-- Assignment --
Straight copy, no pictures: transcribe each entry as it stands.

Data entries
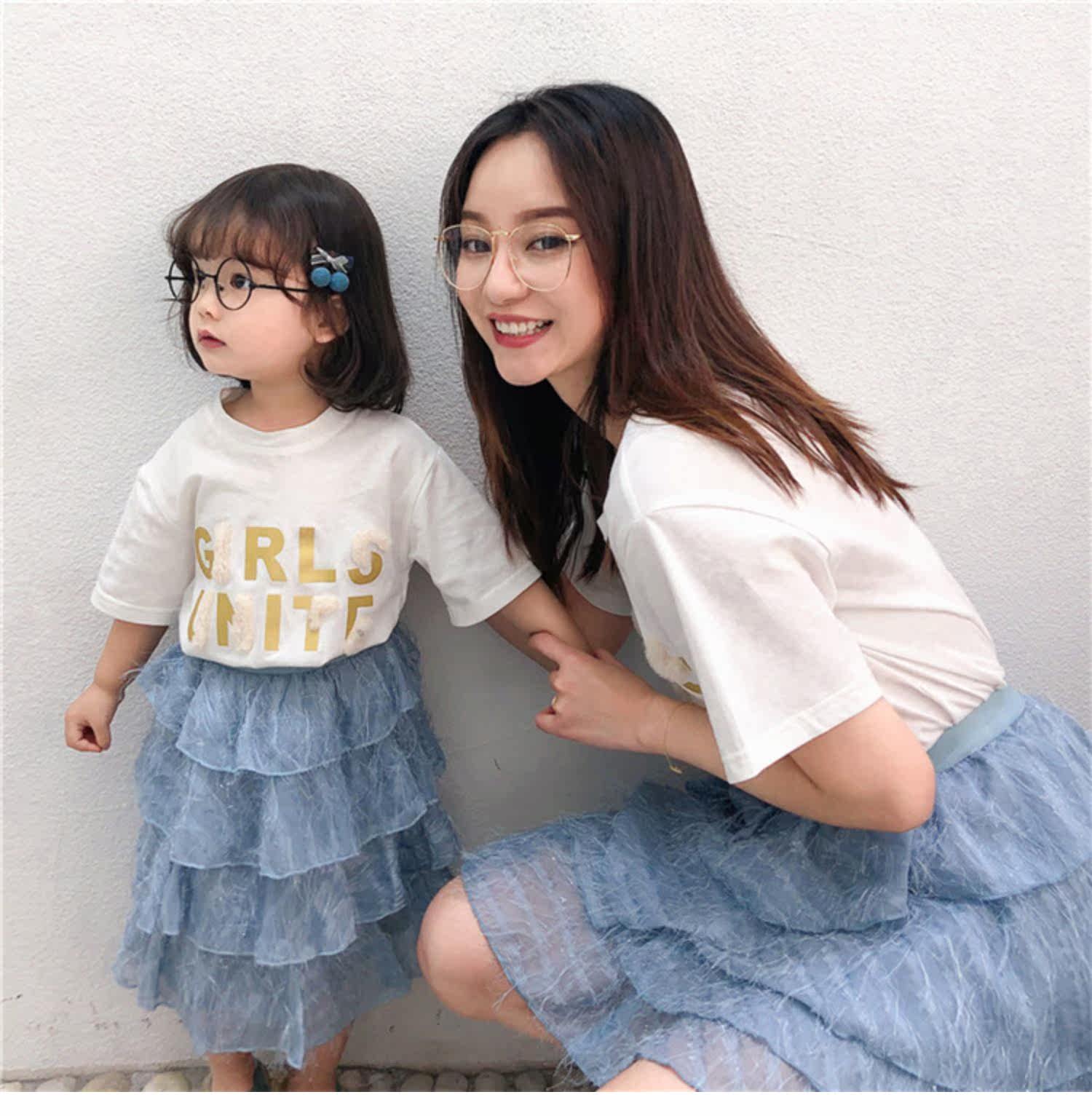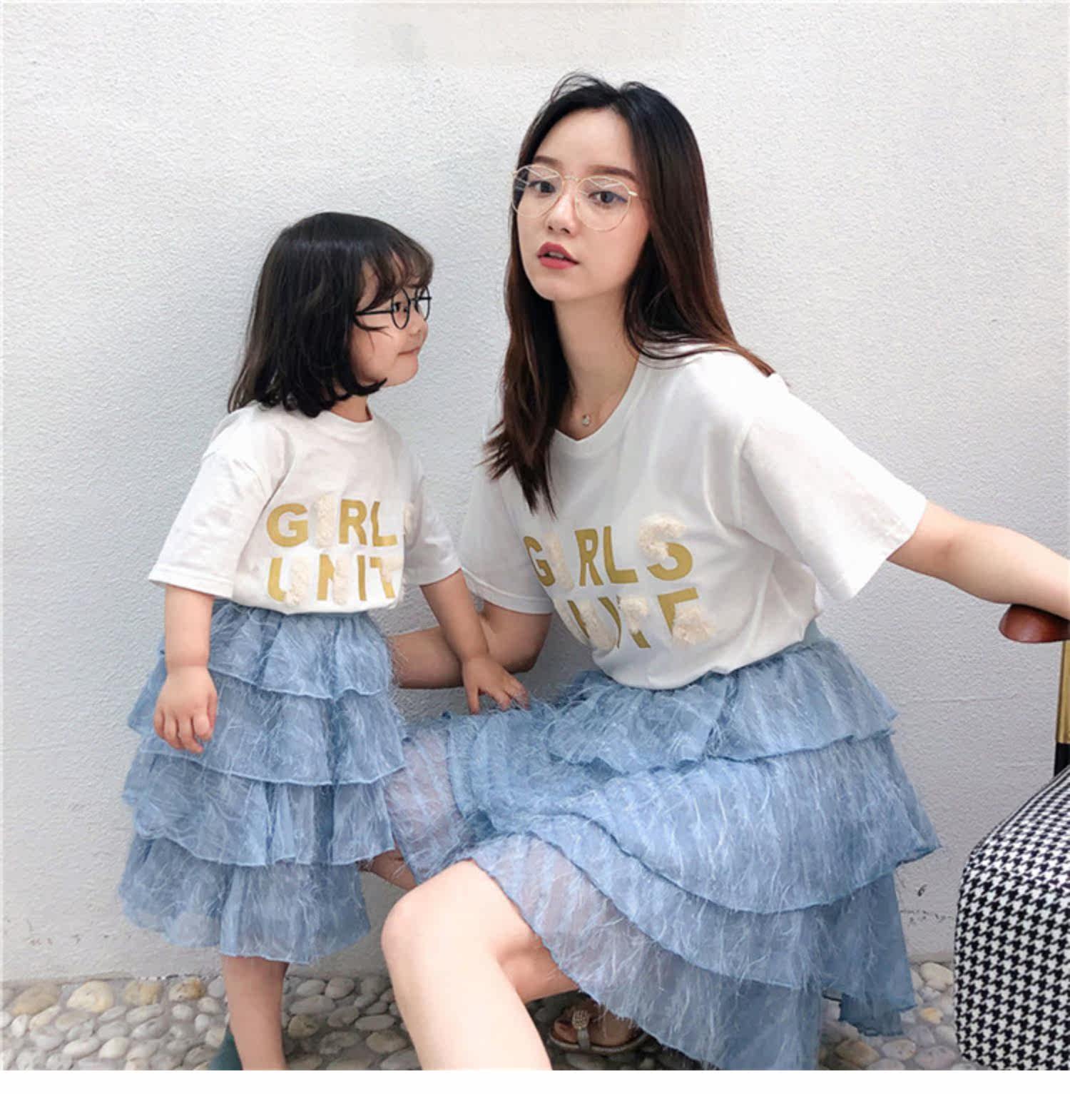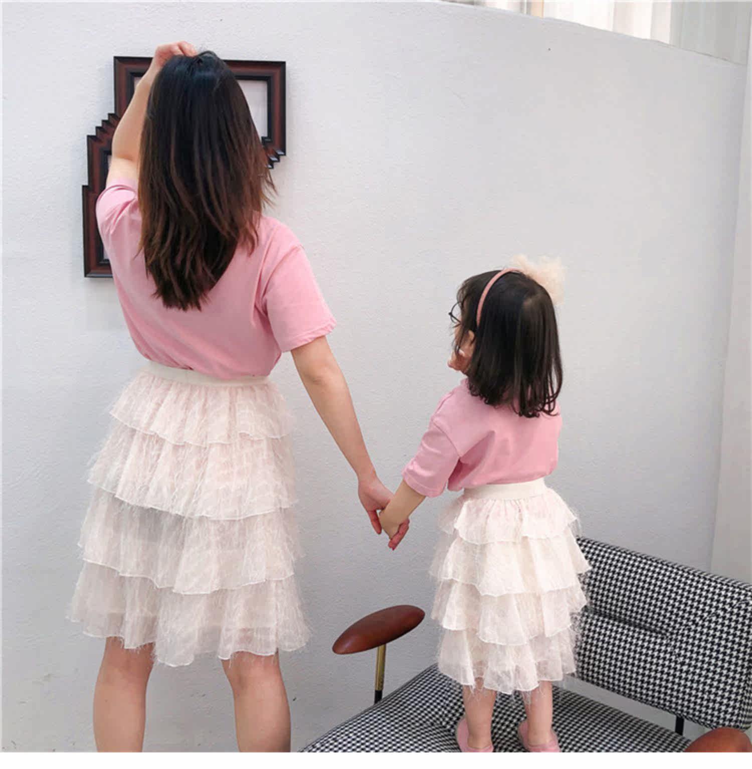 Розовые румяна, комплект, платье, юбка, летняя одежда, футболка с коротким рукавом, семейный стиль, популярно в интернете, в западном стиле, новая коллекция
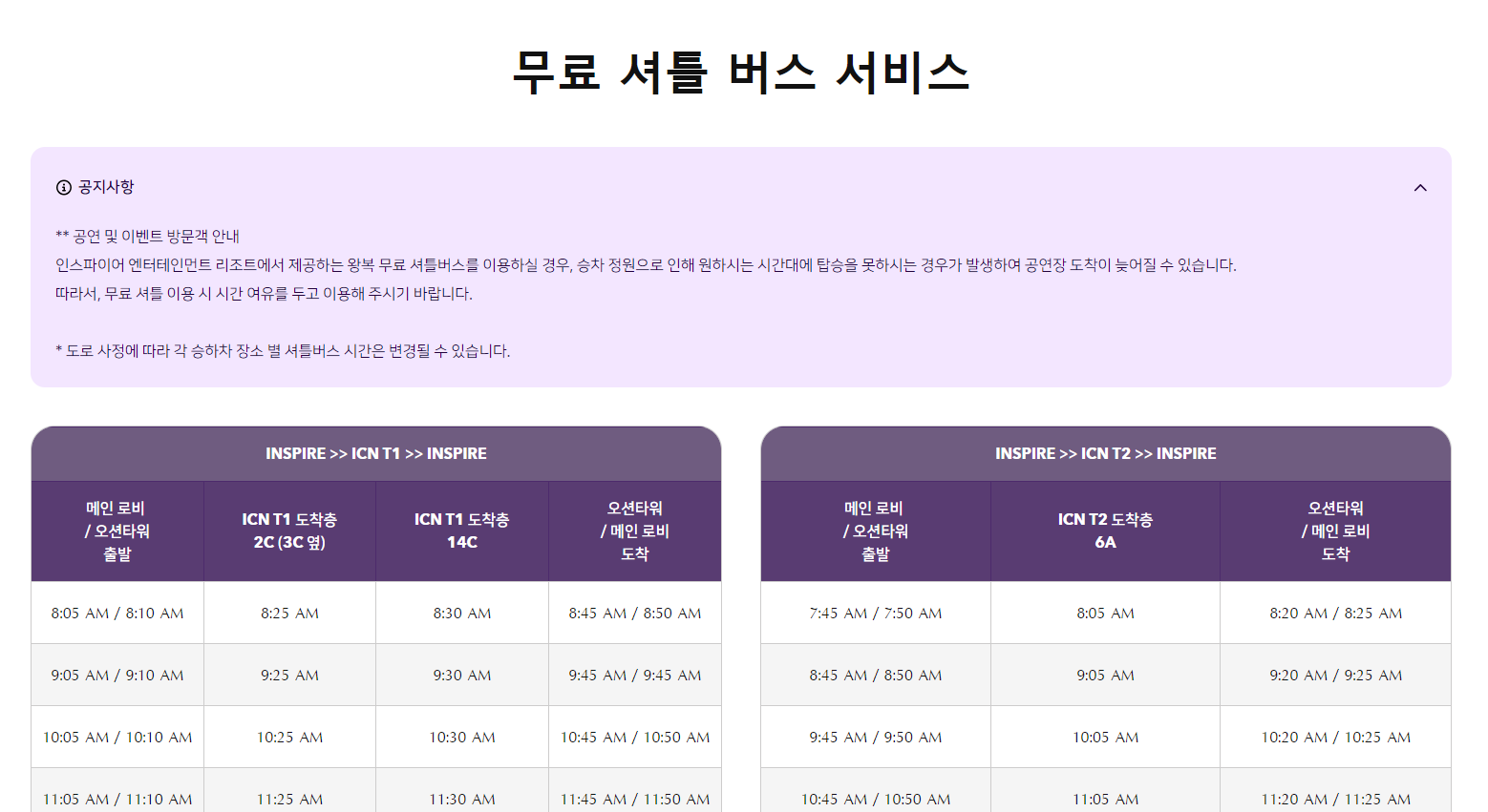 - 서울 노선: 인스파이어에서 홍대역, 명동역, 대림역, 김포공항역을 경유하는 노선이 일일 4회 운행됩니다.
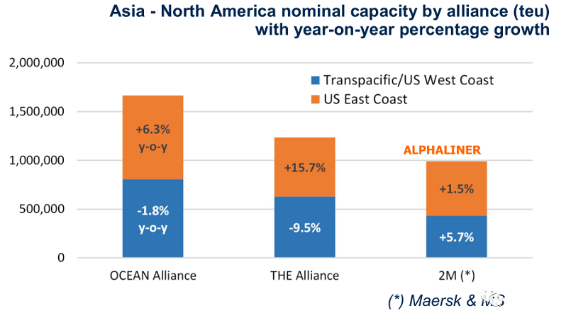 Maersk's 38.7% year-on-year growth was due to the launch of a separate Asia-East US "TP20" route based on customer demand, as well as "TPX" and "TP28" to the West Coast. Its capacity on the Asia-North America 2M route increased by 11.5%, while additional service capacity outside 2M increased from 14,660 TEU to 201,260 TEU.
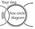Place one of your own rings on top of one of the circle diagrams. Your ring size is the circle that matches the inside diameter of your ring. If your ring falls between sizes, order the next larger size.
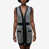 Balmain Black and White Stretch Knit Houndstooth Dress
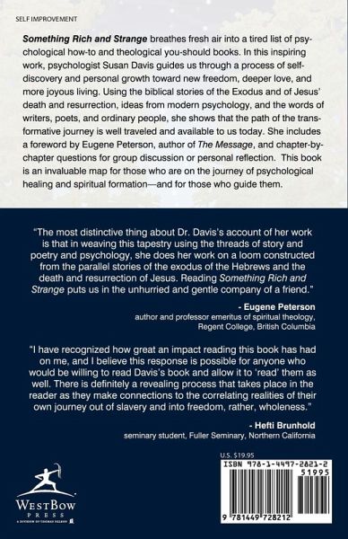 Something Rich and Strange breathes fresh air into a tired list of psychological how-to and theological you-should books. In this inspiring work, psychologist Susan Davis guides us through a process of self-discovery and personal growth toward new freedom, deeper love, and more joyous living. Using the biblical stories of the Exodus and of Jesus' death and resurrection, ideas from modern psychology, and the words of writers, poets, and ordinary people, she shows that the path of the transformative journey is well traveled and available to us today. She includes a foreword by Eugene Peterson, author of The Message, and chapter-by-chapter questions for group discussion or personal reflection. This book is an invaluable map for those who are on the journey of psychological healing and spiritual formation-and for those who guide them. "The most distinctive thing about Dr. Davis’s account of her work is that in weaving this tapestry using the threads of story and poetry and psychology, she does her work on a loom constructed from the parallel stories of the exodus of the Hebrews and the death and resurrection of Jesus. Reading Something Rich and Strange puts us in the unhurried and gentle company of a friend." —Eugene Peterson, author and professor emeritus of spiritual theology, Regent College, British Columbia "I have recognized how great an impact reading this book has had on me, and I believe this response is possible for anyone who would be willing to read Davis’s book and allow it to ‘read’ them as well. There is definitely a revealing process that takes place in the reader as they make connections to the correlating realities of their own journey out of slavery and into freedom, rather, wholeness." —Hefti Brunhold, seminary student, Fuller Seminary, Northern California

-- Reply --
 Розовые румяна, комплект, платье, юбка, летняя одежда, футболка с коротким рукавом, семейный стиль, популярно в интернете, в западном стиле, новая коллекция
 - 서울 노선: 인스파이어에서 홍대역, 명동역, 대림역, 김포공항역을 경유하는 노선이 일일 4회 운행됩니다.
 Maersk's 38.7% year-on-year growth was due to the launch of a separate Asia-East US "TP20" route based on customer demand, as well as "TPX" and "TP28" to the West Coast. Its capacity on the Asia-North America 2M route increased by 11.5%, while additional service capacity outside 2M increased from 14,660 TEU to 201,260 TEU.
Place one of your own rings on top of one of the circle diagrams. Your ring size is the circle that matches the inside diameter of your ring. If your ring falls between sizes, order the next larger size.
 Balmain Black and White Stretch Knit Houndstooth Dress
 Something Rich and Strange breathes fresh air into a tired list of psychological how-to and theological you-should books. In this inspiring work, psychologist Susan Davis guides us through a process of self-discovery and personal growth toward new freedom, deeper love, and more joyous living. Using the biblical stories of the Exodus and of Jesus' death and resurrection, ideas from modern psychology, and the words of writers, poets, and ordinary people, she shows that the path of the transformative journey is well traveled and available to us today. She includes a foreword by Eugene Peterson, author of The Message, and chapter-by-chapter questions for group discussion or personal reflection. This book is an invaluable map for those who are on the journey of psychological healing and spiritual formation-and for those who guide them. "The most distinctive thing about Dr. Davis’s account of her work is that in weaving this tapestry using the threads of story and poetry and psychology, she does her work on a loom constructed from the parallel stories of the exodus of the Hebrews and the death and resurrection of Jesus. Reading Something Rich and Strange puts us in the unhurried and gentle company of a friend." —Eugene Peterson, author and professor emeritus of spiritual theology, Regent College, British Columbia "I have recognized how great an impact reading this book has had on me, and I believe this response is possible for anyone who would be willing to read Davis’s book and allow it to ‘read’ them as well. There is definitely a revealing process that takes place in the reader as they make connections to the correlating realities of their own journey out of slavery and into freedom, rather, wholeness." —Hefti Brunhold, seminary student, Fuller Seminary, Northern California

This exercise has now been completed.